Door de doorlopende circulatie van de ruimtelucht door het
apparaat, wordt de luchtvochtigheid in de opstelruimte
verminderd.
Het condens wordt via de aan de slangaansluiting bevestigde
condensafvoerslang uit het apparaat afgevoerd naar een extern
reservoir of een afvoer.
Optioneel kan het gecondenseerde water via een naderhand te
installeren condenspomp uit het apparaat worden gepompt (zie
hoofdstuk installeren van de condenspomp).

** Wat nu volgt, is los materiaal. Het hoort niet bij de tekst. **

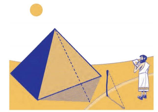 说到这里,你可以想出泰勒斯是怎么应对金字塔测高问题的了吧——和解决方尖碑测高问题是一样的。
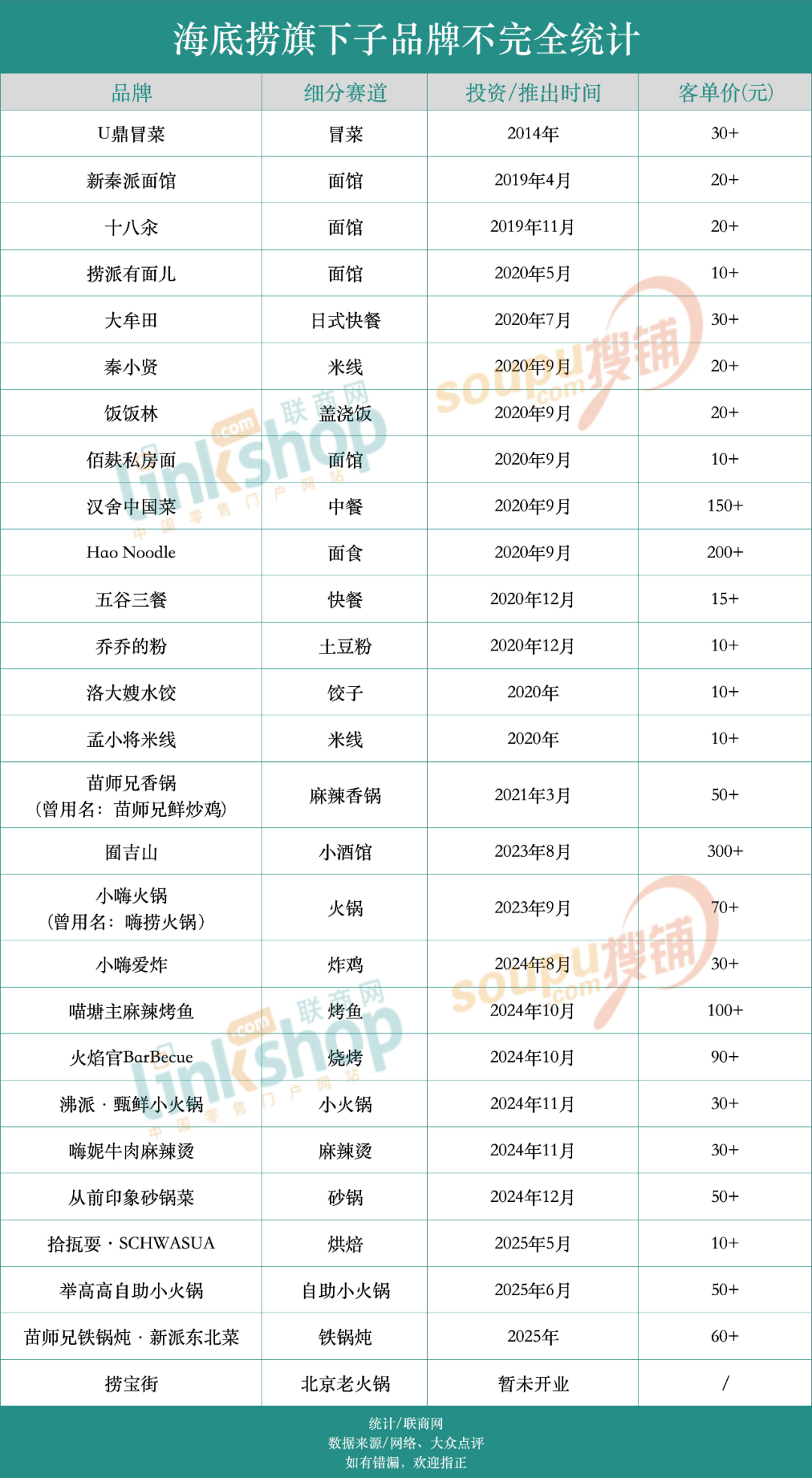 據(jù)聯(lián)商網(wǎng)不完全統(tǒng)計,2014年至今,海底撈通過內(nèi)部孵化和外部收購,共布局了27個餐飲品牌。但其中超半數(shù)已停業(yè),多數(shù)品牌存活時間不足1年。
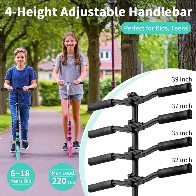 - Adjustable for Growing Kids: This scooter features a large, adjustable handlebar with 4 height options to suit riders of different sizes. It grows with your child, ensuring they can enjoy the ride as they get taller. No need to buy a new scooter every year—this one fits kids and teens alike. It makes the perfect birthday or Christmas gift for children, offering years of fun and enjoyment.
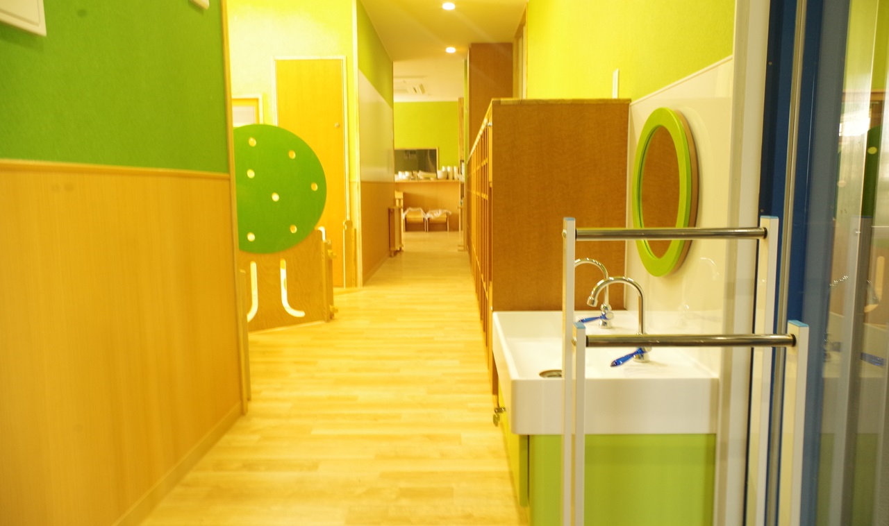 園児の目線に合わせて壁にも遊び心を加えた楽しい空間に仕上がっています
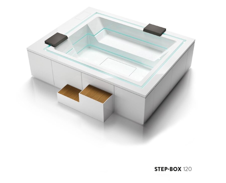 Tieto schodíky sa vyznačujú mimoriadne čistým a elegantným dizajnom, ktorý dokonale ladí so štýlom minibazénov Ghost a Ghost Plus. Ponúkajú pohodlné, funkčné a všestranné riešenie prístupu k bazénom. Konštrukcia Step Box je vyrobená z materiálu Crystaltech a obsahuje lamely s drevenou povrchovou úpravou, čo zaručuje nielen estetickú príťažlivosť, ale aj odolnosť a spoľahlivosť.
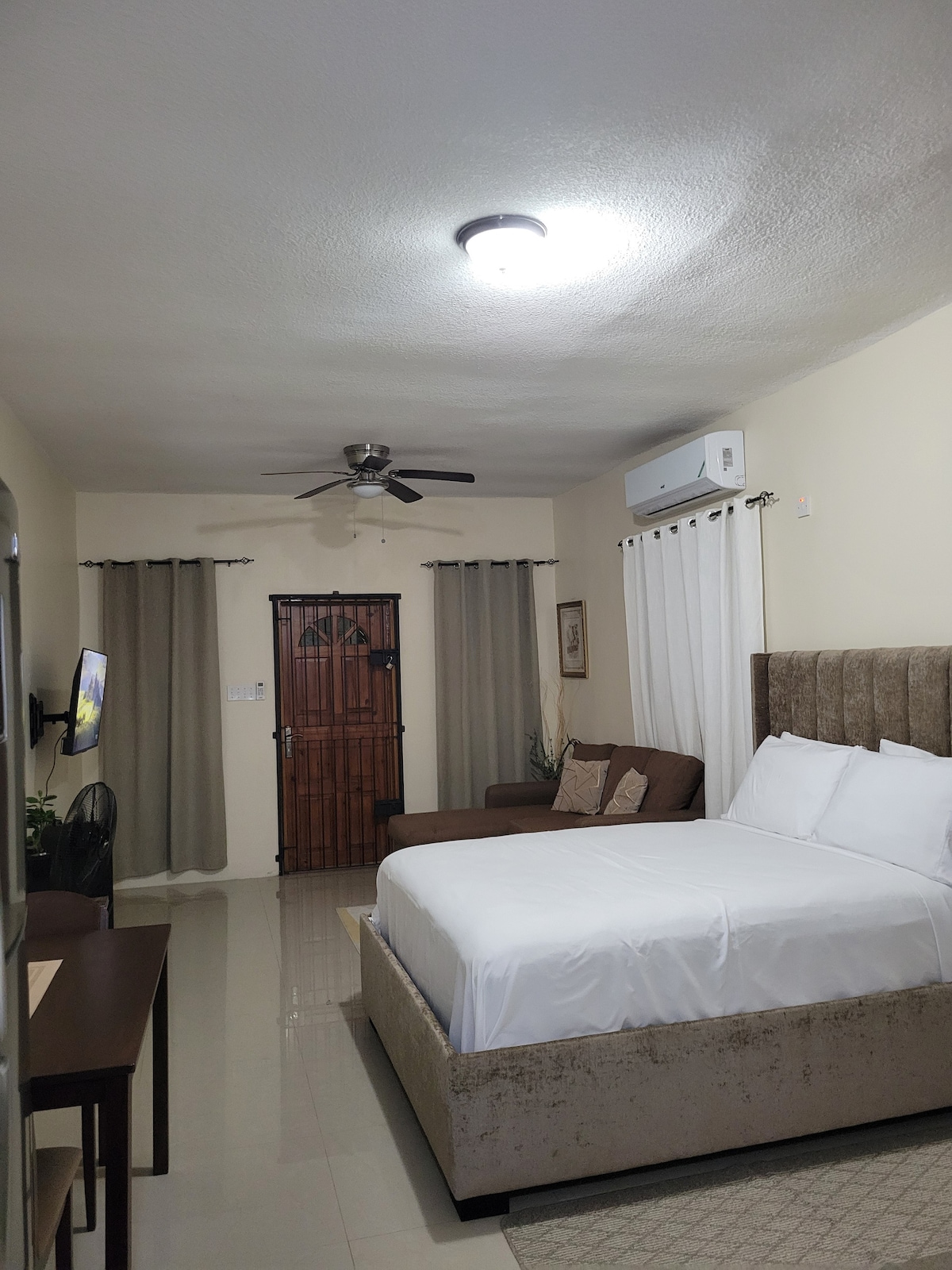 Outside the hustle and bustle of central Kingston metropolitan area lies this quaint spacious cozy studio apartment in a traditional residential community in Kingston. Lots of fruit trees to bring back memories of old Jamaica with views of the green hills of Red Hills. Just the right distance from all amenities such as, Devon house, The National stadium and halfway tree.
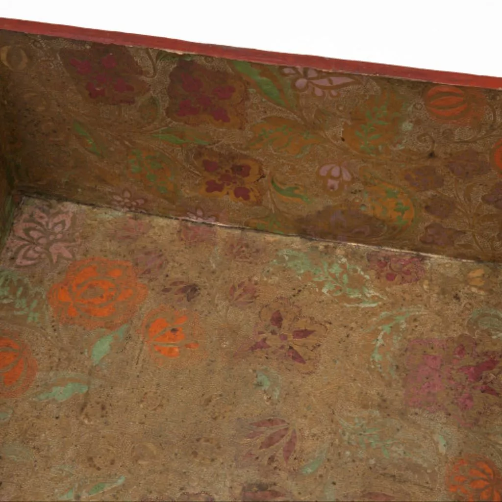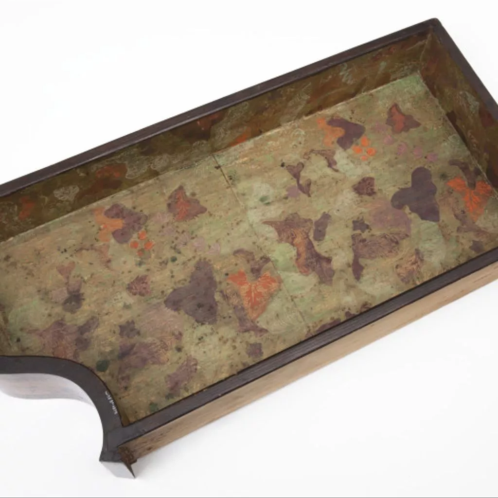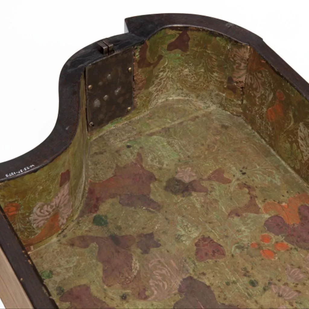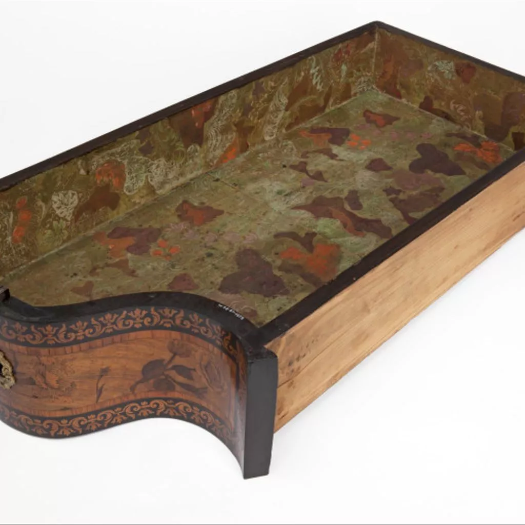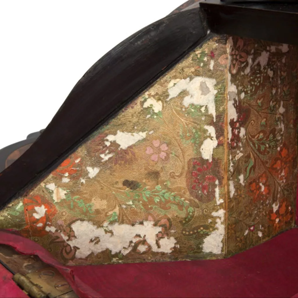 The drawers and the side writing compartments are lined with decorative papers, in four different patterns embossed and printed with bronze powders and with coloured block prints of flowers and leaves. The disposition of the papers does not seem to follow any particular pattern. These papers are of the kind first made in Augsburg and Southern Germany, which later became used throughout Europe. None of the drawers are large enough to use a single sheet whole, so the dimensions of the sheets cannot be checked and none carry a maker’s name. Such papers were called ‘bronze-varnished papers’ or ‘brocade papers’. Those with an embossed ground were a recognized type, known as ‘spotted or stippled brocade papers’. Some of the interior drawers are additionally lined inside the base only with a plain red paper, presumably added in the 1840s, at the same time as the silk lining of the side compartments and the upper cupboard was done.
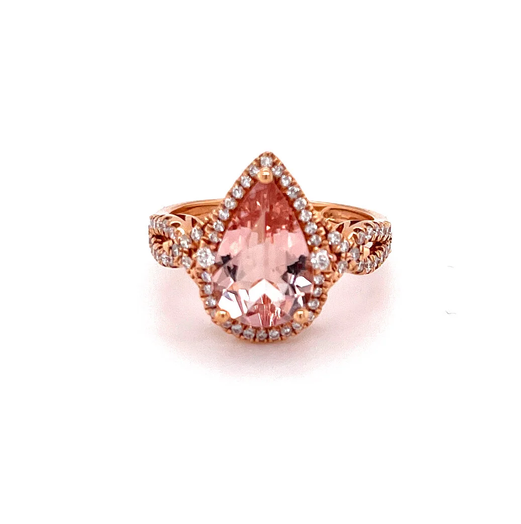 Morganite and Diamond Ring set in 14k rose gold

Het apparaat is voor bediening en transport voorzien van een
aan-/uit-schakelaar, een bedrijfsurenteller, een transportgreep
en transportwielen. Twee opstelvoeten met rubber buffers
beveiligen het apparaat tegen wegrollen.
Het apparaat maakt het verlagen van de relatieve
luchtvochtigheid tot ca. 32 % mogelijk. Door de warmte die
ontstaat tijdens het gebruik, kan de ruimtetemperatuur ca. 1-4
°C stijgen.
De compressor heeft een temperatuurbegrenzing, die onder
andere de compressor beveiligd tegen oververhitting. De
compressor wordt bij het overschrijden van een temperatuur
van 35°C automatisch uitgeschakeld.